Behavior of a solid sphere launched vertically upwards in water and its interaction with the air–water interface

An experiment was conducted in which a solid sphere with a density of 1,875 kg/m3 and diameter of 24.8 mm was launched vertically upwards in water towards the air–water interface. By changing the Reynolds number, Re, based on the launch velocity, the motion of the sphere due to interference with the air–water interface was investigated along with the behavior of the interface. The experimental results of the sphere’s vertical position in water agree with the theoretical values. However, in air, the experimental results gave lower vertical positions than the theoretical values. When the Reynolds number where the sphere reaches the air–water interface is Rew1¯=0.2×103, the vertical trajectory of the sphere branches above and below the ensemble average immediately after passing the air–water interface. This difference in bifurcation does not depend on the Reynolds number in water.
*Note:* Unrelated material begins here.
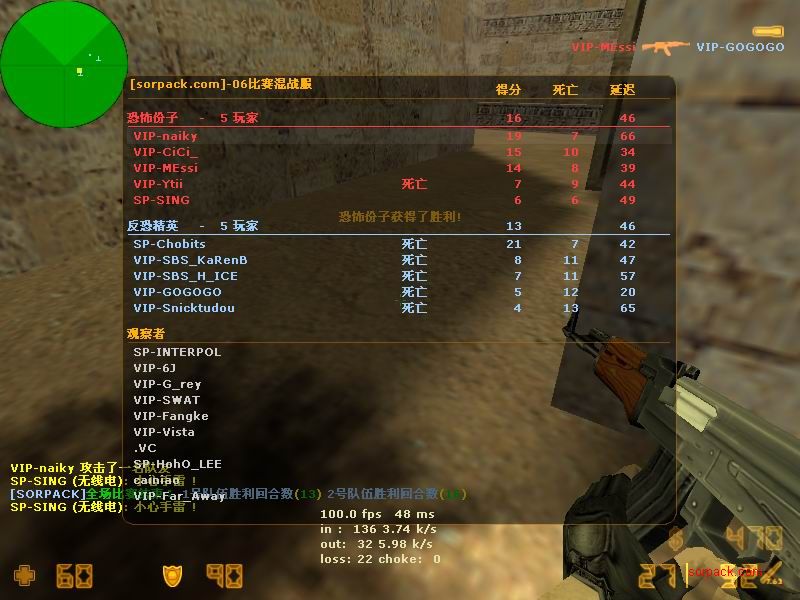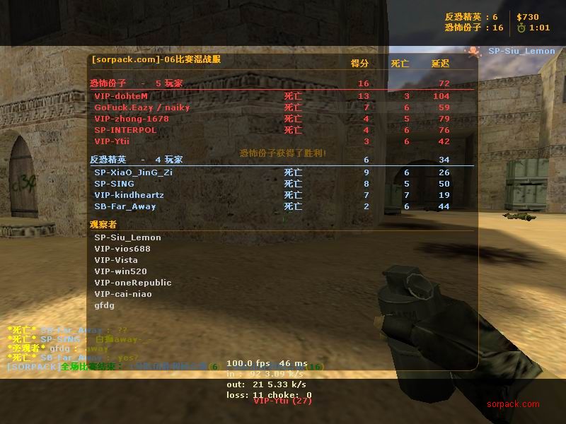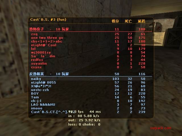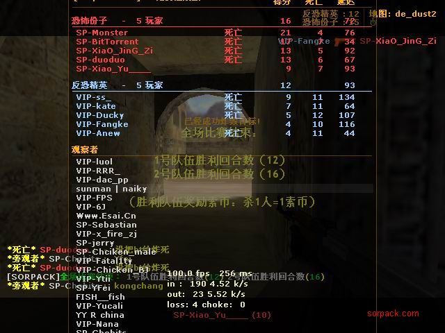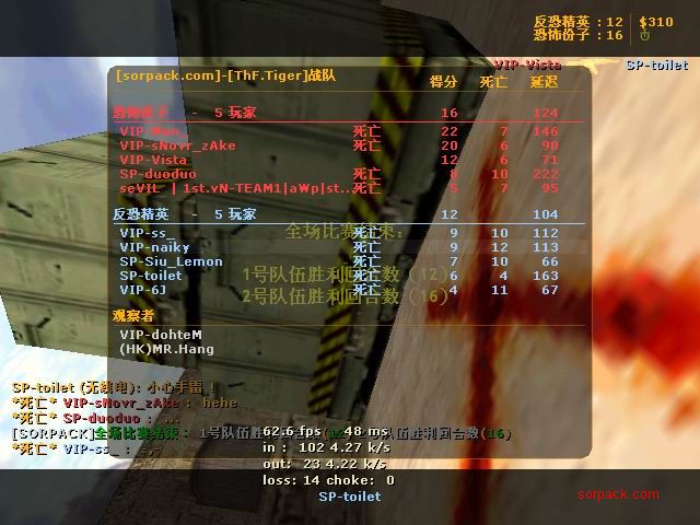 傻怪倒了 哈哈 有lead 也要打~ gof对sbs win! 有人跑了。。。 受不了虐啊 我死的好多 。。 死了14局 我擦。。 又是一场D2 虽然输了 不过有frag可以安慰我 不过要记住 拿frag不是目标 多给队友创造机会 多给队友提供炮弹才是一个好的队员 我希望我能成为输送炮弹 给队友断后的那人 也就是靠山吧 哈哈 (队友,我帮你瞄着,你就放心的转移吧;我当炮灰,你来清了他们。 @_@) 又是连续3张的战绩图 最先死的是我。。 4位SP也登场

However, no branching occurs when Rew1¯ is large. There is an inverse relationship between the asymmetry of the air–water interface that occurs when the sphere passes through the interface and the sphere’s maximum displacement. It was shown that the energy loss of the sphere and the asymmetry of the air–water interface have a linear relationship in all cases with different Reynolds numbers. This means that there is a invariant relationship between the energy lost by the sphere passing through the air–water interface and the asymmetry of the interface. •Experimental study of water exit using spheres with a density of 1875 kg/m3.•Reynolds number dependence of spherical motion is exhibited.•Sphere trajectory branches after passing the water surface at low Reynolds number.•No branching occurs when Reynolds number is large.•The asymmetry of the water surface affects the displacement of the sphere.